1. Twice marking process

  • When the reference is not found in GC Roots reference chain for the first time, tag for the first time and filter if finalize() is necessary:
    • There is no necessary
      • Object overrides the Finalize () method
      • The VIRTUAL machine has called finalize()
    • It is necessary to
      • The flag to the F-queue is executed by the low-priority thread Finalizer.
    • Finalize () is more of a compromise for C/C++ programmers to understand.

5. Method area recycling (hotspot Permanent generation recycling)

1. Deprecate constants (for constant pools in the method area)

  • Symbolic references to classes (interfaces), methods, and fields in the constant pool are reclaimed when there are no references in the system.

2. Useless classes (uninstallation of involved classes, more on this later)

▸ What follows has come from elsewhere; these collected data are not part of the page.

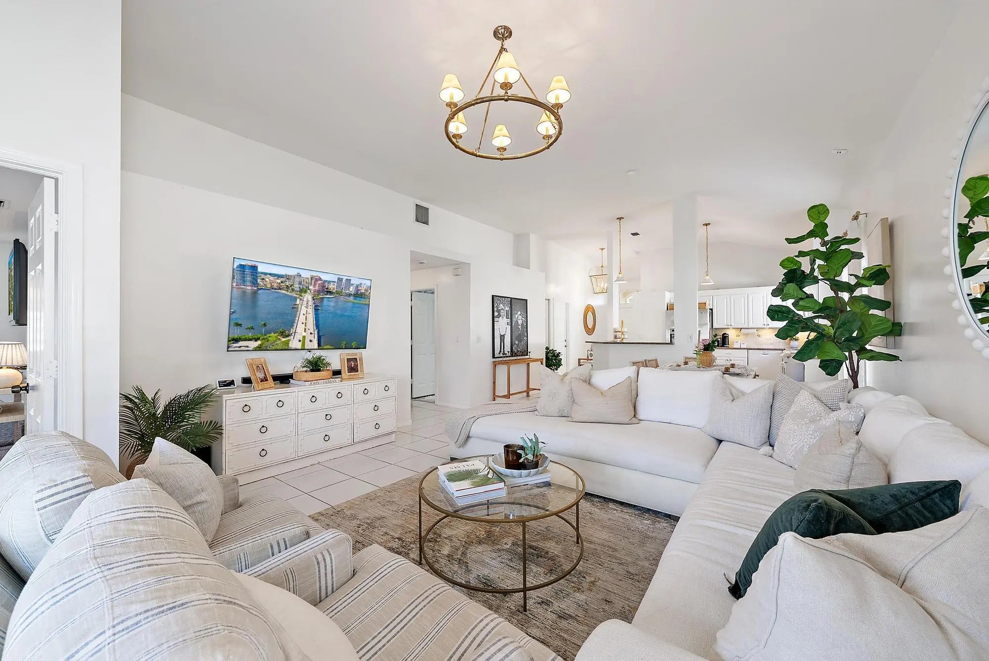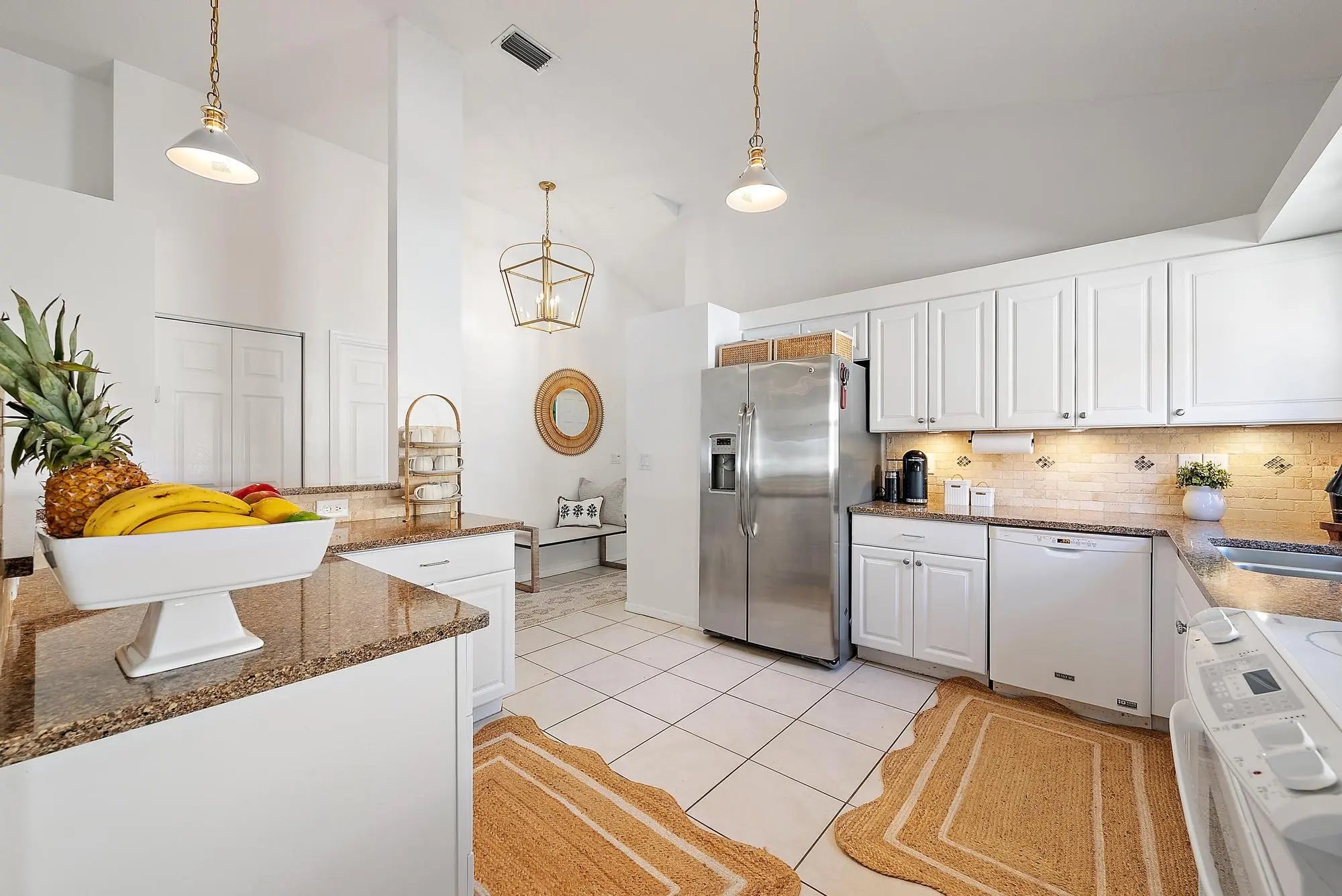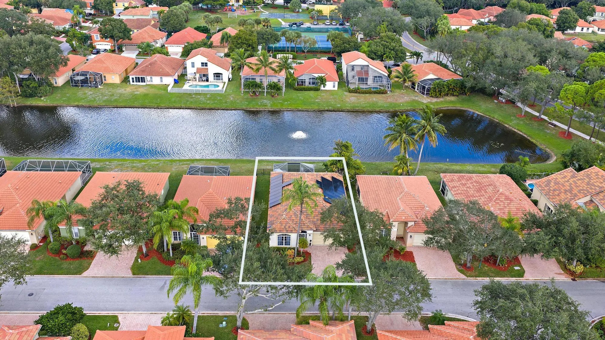 Reap the benefits of brand-new SOLAR PANELS in this beautifully appointed lakefront home. Filled with natural light and enhanced by soaring cathedral ceilings, this 4-bedroom, 2-bath residence blends comfort with style. Recent updates include: designer light fixtures, on-trend drapery rods and new drapes, Serena & Lily wallpaper in the primary and guest bathrooms, a freshly painted guest room, an updated primary bathroom with walk-in shower, 2024 solar panels and a 2023 Roof. Step inside to find a private fourth bedroom - ideal as an office - featuring volume ceilings and abundant natural light. The kitchen offers white cabinetry with ample storage, granite countertops, stainless steel refrigerator, and a convenient wine fridge. A spacious formal dining area welcomes guests, while the open living space provides plenty of room to relax or entertain, all overlooking a private lake. The primary suite offers serene privacy, complete with a large walk-in closet, new drapes, new chandelier, custom tray ceiling, and an updated bathroom featuring new vanity mirrors, a soaking tub, walk-in shower, dual sinks, and linen closet.Two additional guest rooms feature fresh paint, new light fixtures, and double closetsperfect for family, visitors, or flexible use. Outside, enjoy an oversized screened-in patio with pavers, a fenced backyard, and gorgeous lake views with a tranquil water featurean ideal spot to unwind and take in stunning Florida sunsets. HOA fees include cable, internet, partial lawn care, and security, making low-maintenance living a breeze.
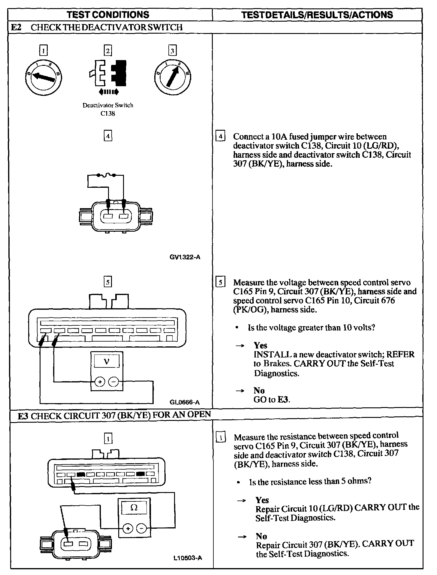 Test E: Flash Code 3 - Deactivator Switch Circuit Failure
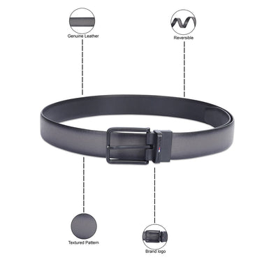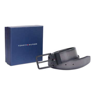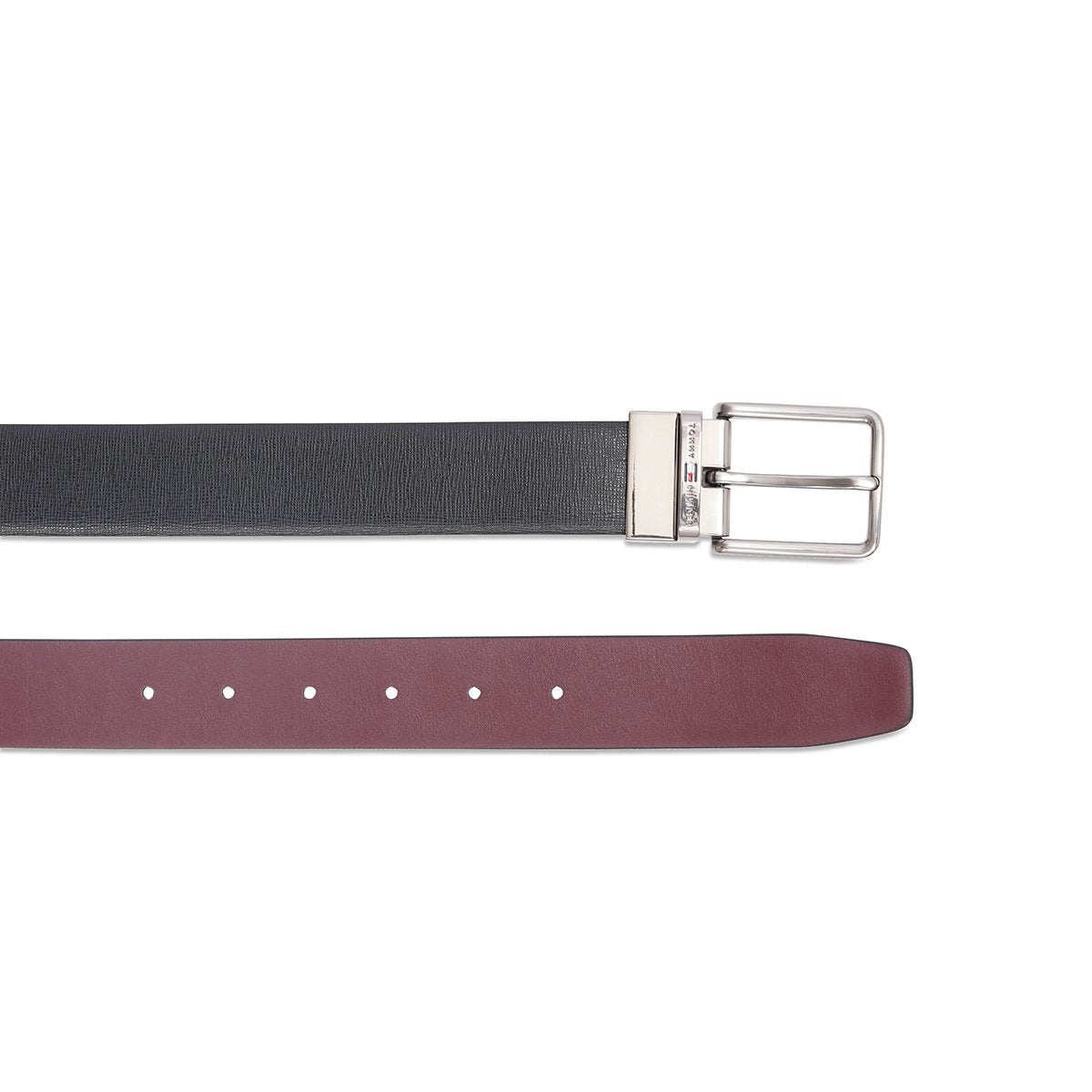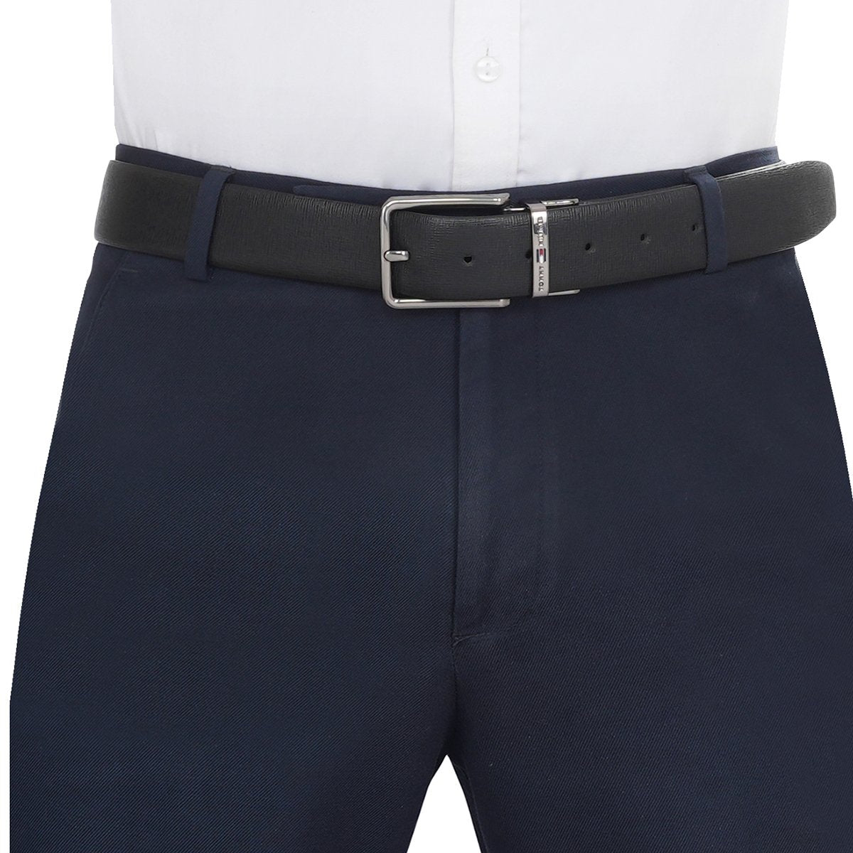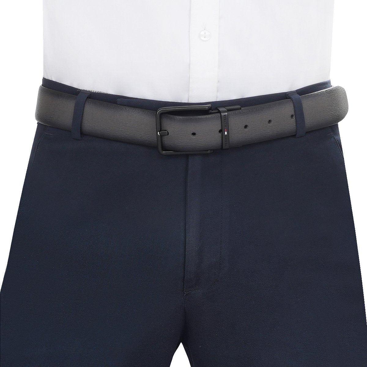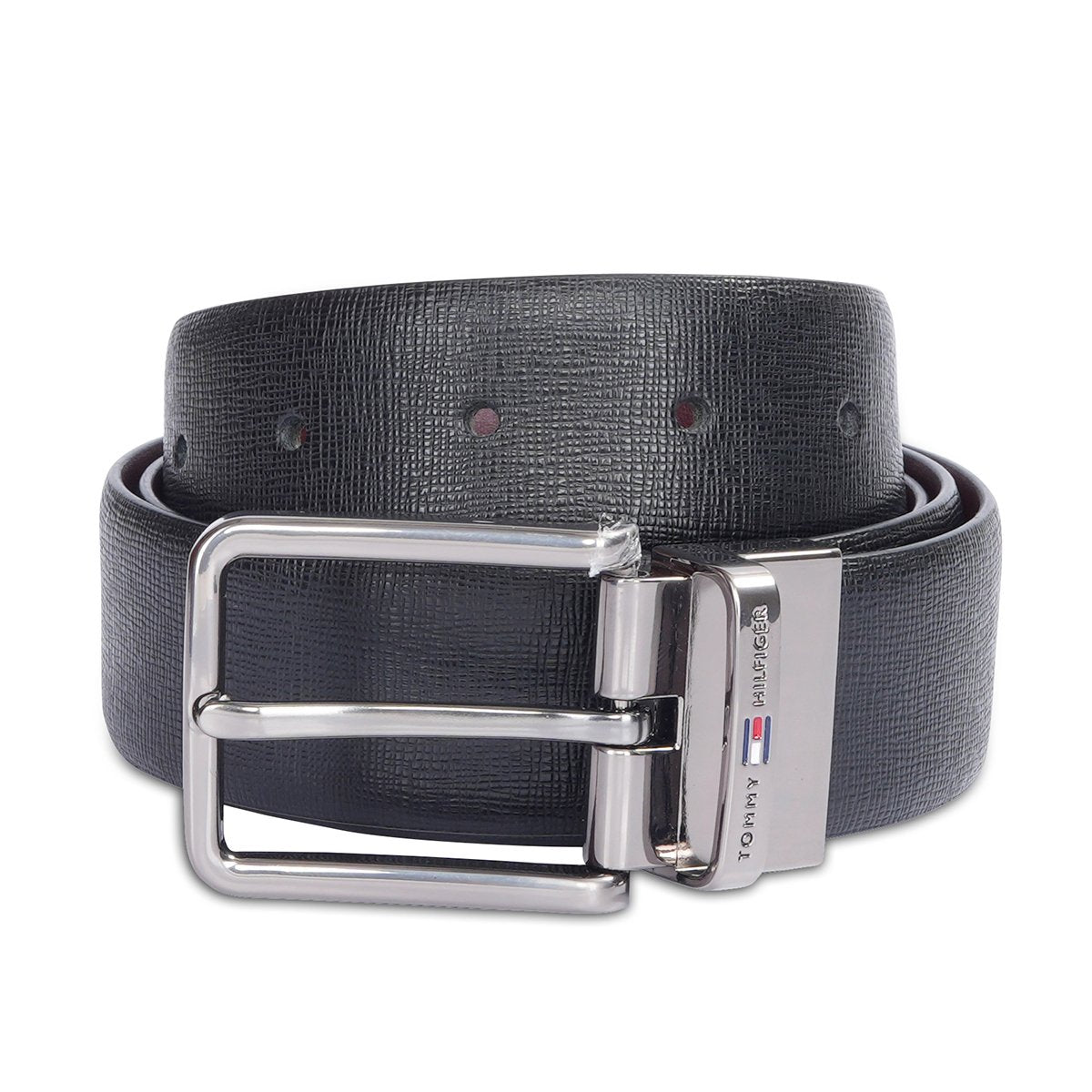 Introducing the Pratt Tommy Hilfiger Men's Belt—a perfect blend of versatility and style. Crafted from genuine leather, this reversible belt is designed for enduring style and durability. Featuring a classic pin closure, it ensures a secure and adjustable fit for all occasions. The textured pattern, complemented by saffiano textured trims, along with a sleek, shiny gun metal finish, adds a touch of elegance and character. Complete your look with the Pratt Belt, the perfect addition to your wardrobe.
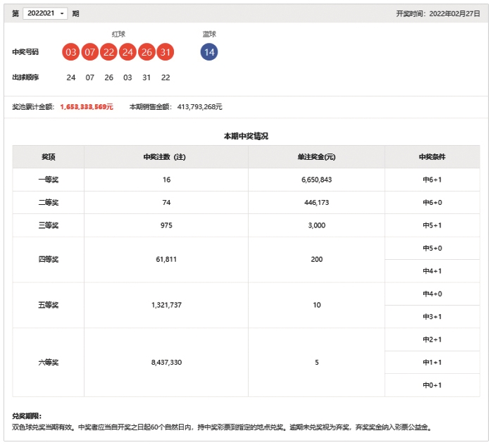 2月27日晚,中国福利彩票双色球游戏进行第2022021期开奖。当期双色球红球号码为03、07、22、24、26、31,蓝球号码为14。
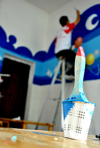 图为赴重庆彭水县“优化校园,粉刷梦想”支队的队员工作中。

  • All instances of this class have been reclaimed
  • The classLoader that loaded this class has been reclaimed
  • This class is not applied to the class object in the method area (the entry to access information about the class in the method area) and cannot be used by reflact
  • The VM reclaims classes that meet the preceding three conditions. Node:
    • It is not like an object that must be recycled when it is not used.
    • A large number of dynamic class loading framework, resulting in a large number of classes in the method area, to prevent overflow. (Extensive use of reflection, dynamic proxy, dynamically generated JSP, frequent custom classloader)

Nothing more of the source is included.